Exercise goal: Word for word, print out all of the data, omitting every image.
☆ ☆ ☆ ☆ ☆
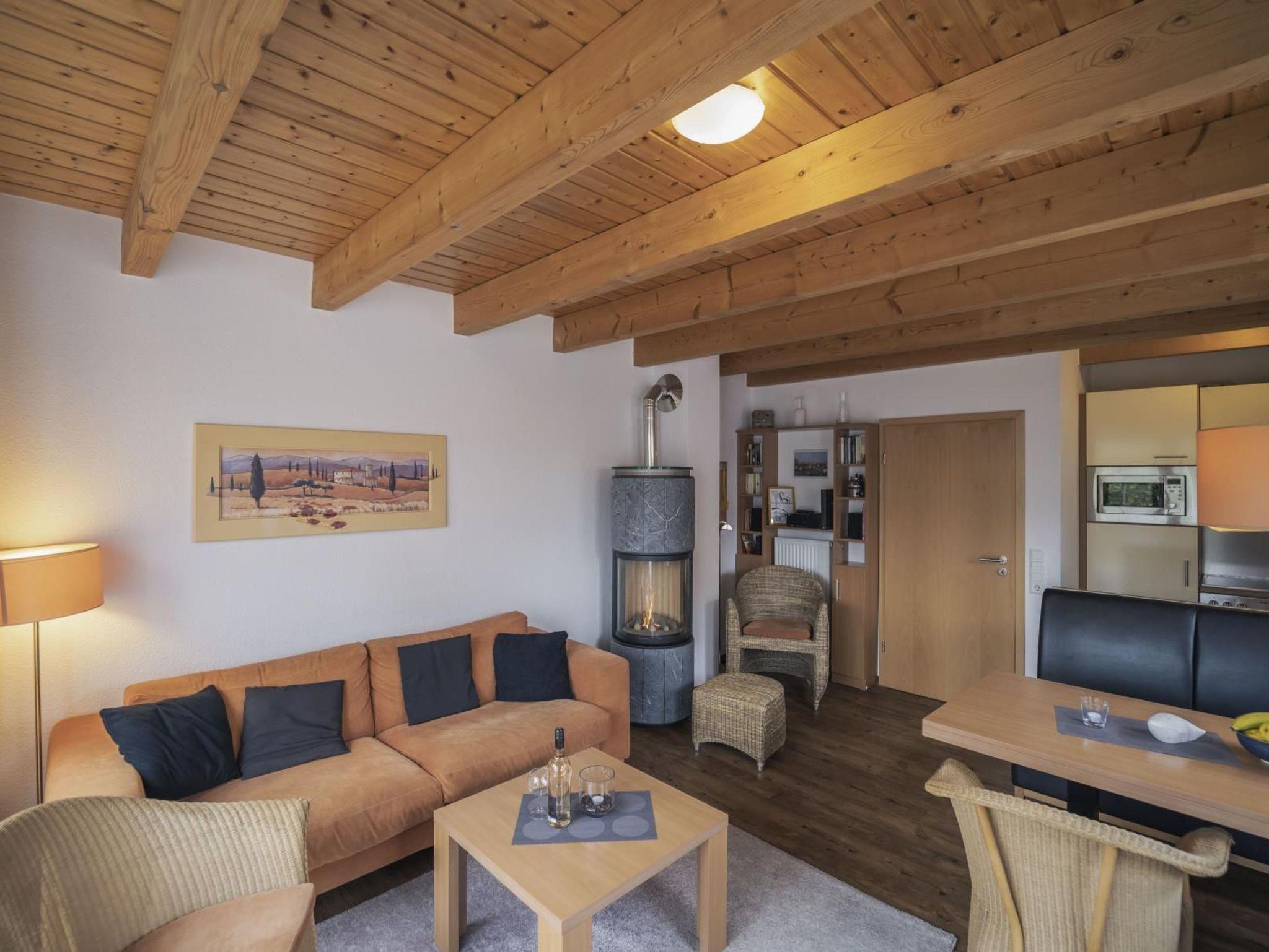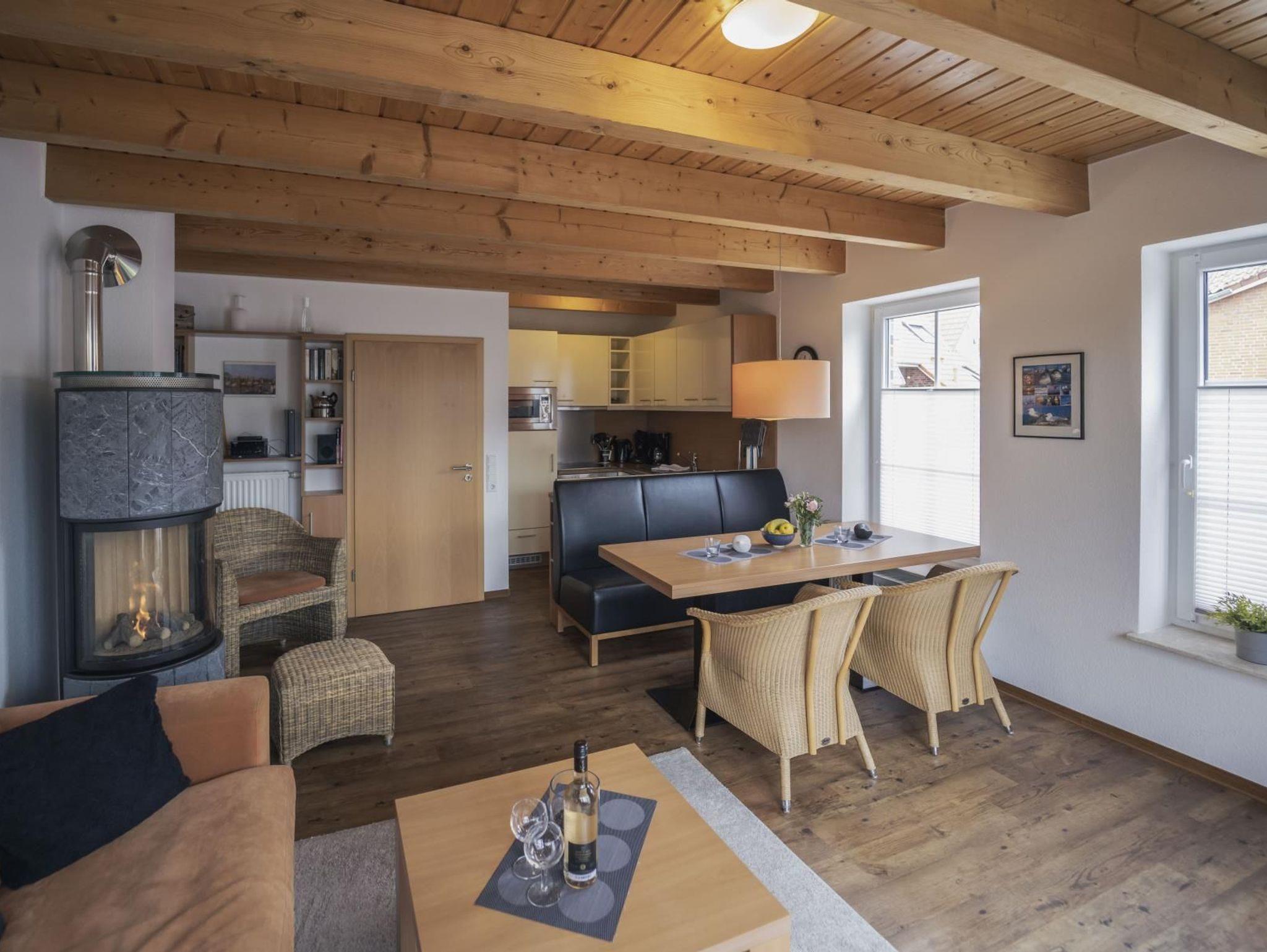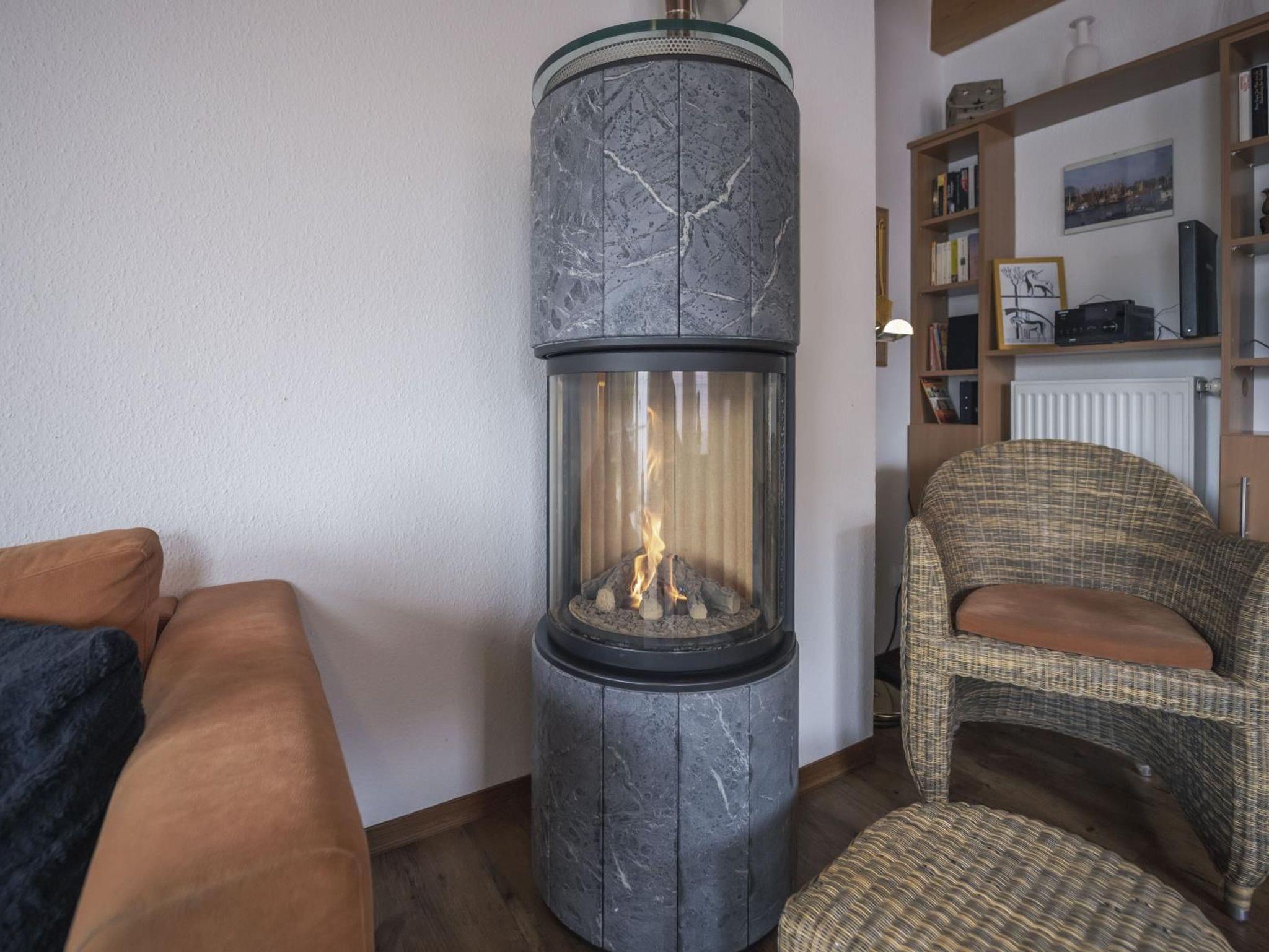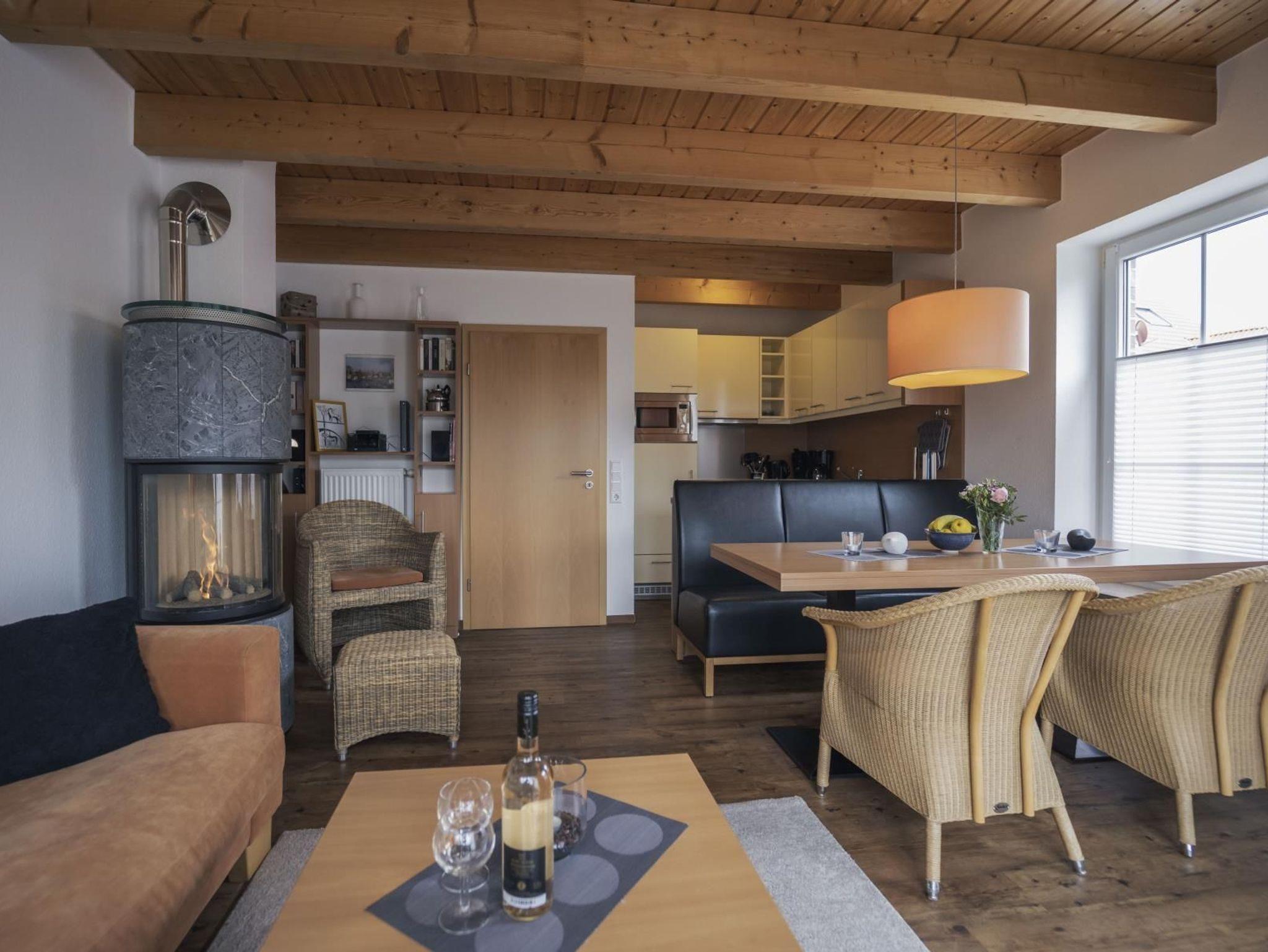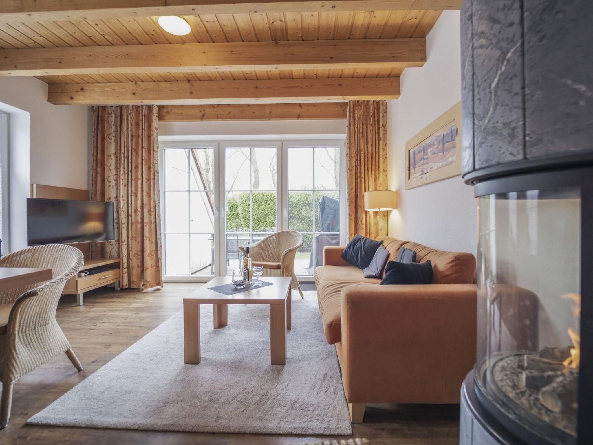 gemütliches Wohnzimmer mit einem Gas-Kaminofen (Sie regulieren die Flamme per Fernbedienung), hinter
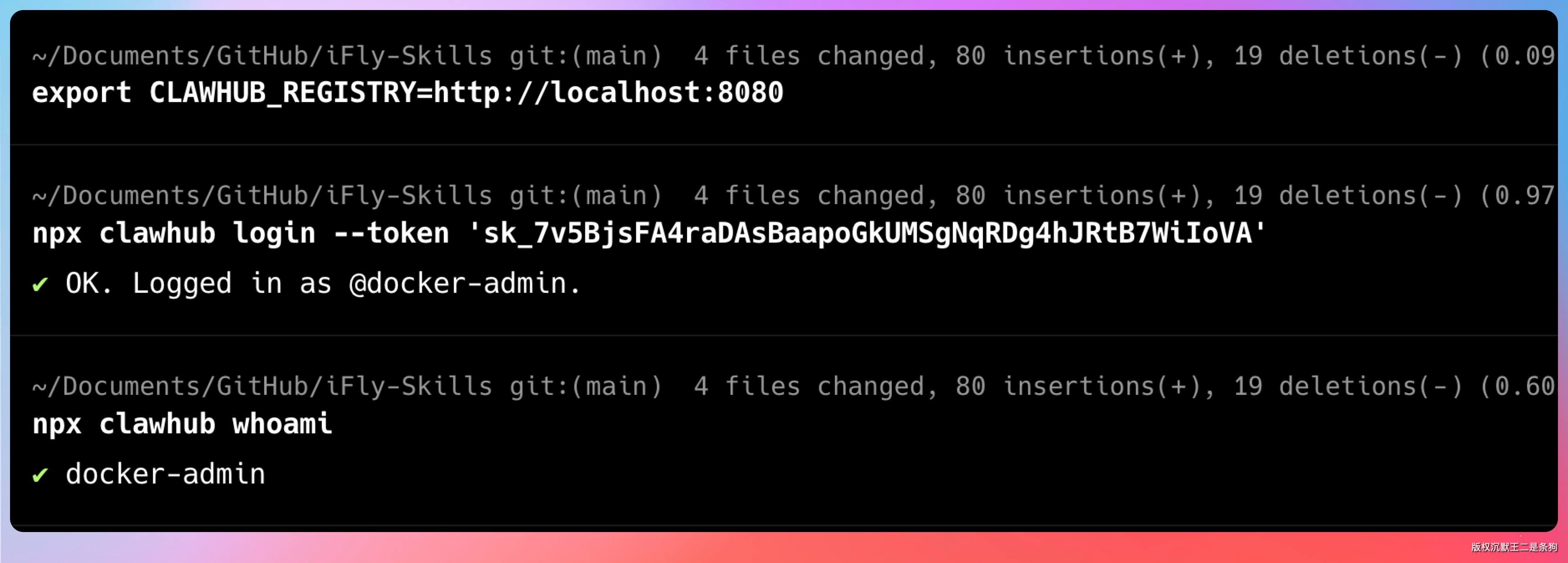 接下来回到终端,把 clawhub 指向我们之前跑起来的 SkillHub。
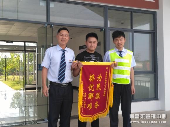 5月28日下午,河南籍司机周师傅来到了南昌南管理中心上饶弋阳收费站,将一面印有“为民服务、排忧解难”的锦旗,赠送给弋阳站的员工,向曾热心伸手帮助他的收费员工表示感谢。
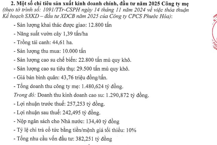 Cụ thể, trong năm 2025, Cao su Phước Hòa đặt mục tiêu doanh thu công ty mẹ đạt 1.480,6 tỷ đồng và lợi nhuận sau thuế dự kiến ở mức 242,5 tỷ đồng, tương ứng lần lượt giảm 3,8% và 23,5% so với năm 2024.
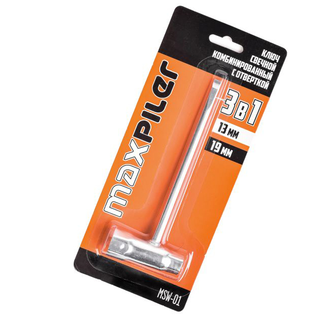 Ключ свечной комбинированный MAXPILER MSW-01 (13 мм, ключ 19 мм + отвертка)Ключ свечной комбинированный MAXPILER MSW-01 (13 мм, 19 мм + отвёртка) — универсальный инструмент 3 в 1. Он объединяет два гаечных ключа: 13 мм и 19 мм, и отвёртку.
☆ ☆ ☆ ☆ ☆
Task response:
 gemütliches Wohnzimmer mit einem Gas-Kaminofen (Sie regulieren die Flamme per Fernbedienung), hinter
 接下来回到终端,把 clawhub 指向我们之前跑起来的 SkillHub。
 5月28日下午,河南籍司机周师傅来到了南昌南管理中心上饶弋阳收费站,将一面印有“为民服务、排忧解难”的锦旗,赠送给弋阳站的员工,向曾热心伸手帮助他的收费员工表示感谢。
 Cụ thể, trong năm 2025, Cao su Phước Hòa đặt mục tiêu doanh thu công ty mẹ đạt 1.480,6 tỷ đồng và lợi nhuận sau thuế dự kiến ở mức 242,5 tỷ đồng, tương ứng lần lượt giảm 3,8% và 23,5% so với năm 2024.
 Ключ свечной комбинированный MAXPILER MSW-01 (13 мм, ключ 19 мм + отвертка)Ключ свечной комбинированный MAXPILER MSW-01 (13 мм, 19 мм + отвёртка) — универсальный инструмент 3 в 1. Он объединяет два гаечных ключа: 13 мм и 19 мм, и отвёртку.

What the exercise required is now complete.